Sunday, December 12, 2021

Doing Life With Your Adult Children by Jim Burns

I decided to read Doing Life With Your Adult Children by Jim Burns because, well, I have adult children. And it seemed an appropriate read. 

Ever since first becoming a mother, I would say my main identity was "mom." Once it hit me that my oldest would be going off to college, I wondered if I counted as "mom" anymore. Was there still a role for me going forward? Turns out there was, but it was different. It was mostly limited to scheduling flights back and forth to college over breaks, and writing tuition checks. Check-ins over the phone provided a connection, but it was not the same.

Then came marriages and it felt like the final tie to "mom" was severed. I know, I know. I'll always be a mom, yada, yada, yada... But not really.

So how, after 20 + years of being "mom" does one become someone's "mother"?
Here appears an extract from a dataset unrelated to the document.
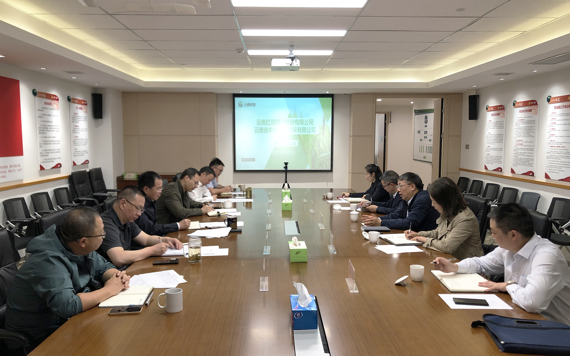 3月22日,云南農(nóng)擔與紅塔銀行召開銀擔合作座談會。紅塔銀行行長張振民、行長助理張繼、風險管理部、普惠金融業(yè)務(wù)部,公司董事長杜開波、總經(jīng)理李世偉、副總經(jīng)理廖寅皓、副總經(jīng)理梁威、業(yè)務(wù)發(fā)展部及戰(zhàn)略發(fā)展部參加會議。雙方就現(xiàn)階段戰(zhàn)略合作有關(guān)事宜進行深入交流并達成共識。

Burns response is to "keep your mouth shut and the welcome mat out." Welp. 

Burns is highly encouraging for moms like me struggling with the next stage. One of his most helpful statement is that we didn't screw up our kids! We need to see them as differentiated adults; they are not simply reflections of us. 

"But what about..." I hear some saying. Burns has a chapter for that. Whether its children who walked away from the faith, are making bad financial and personal decisions, have in-law troubles, or have generally failed to launch, Burns has words of wisdom. It makes me grateful that the worst thing I can say about my kids is that they grew up to become independent, fully-functioning adults. 

It's a good reminder that we as parents are only on the job full-time for a season. Our job, as I often told my own daughters, is not to raise children, but to raise adults. 

It doesn't mean I don't miss the "Mom!!!" cry once in a while.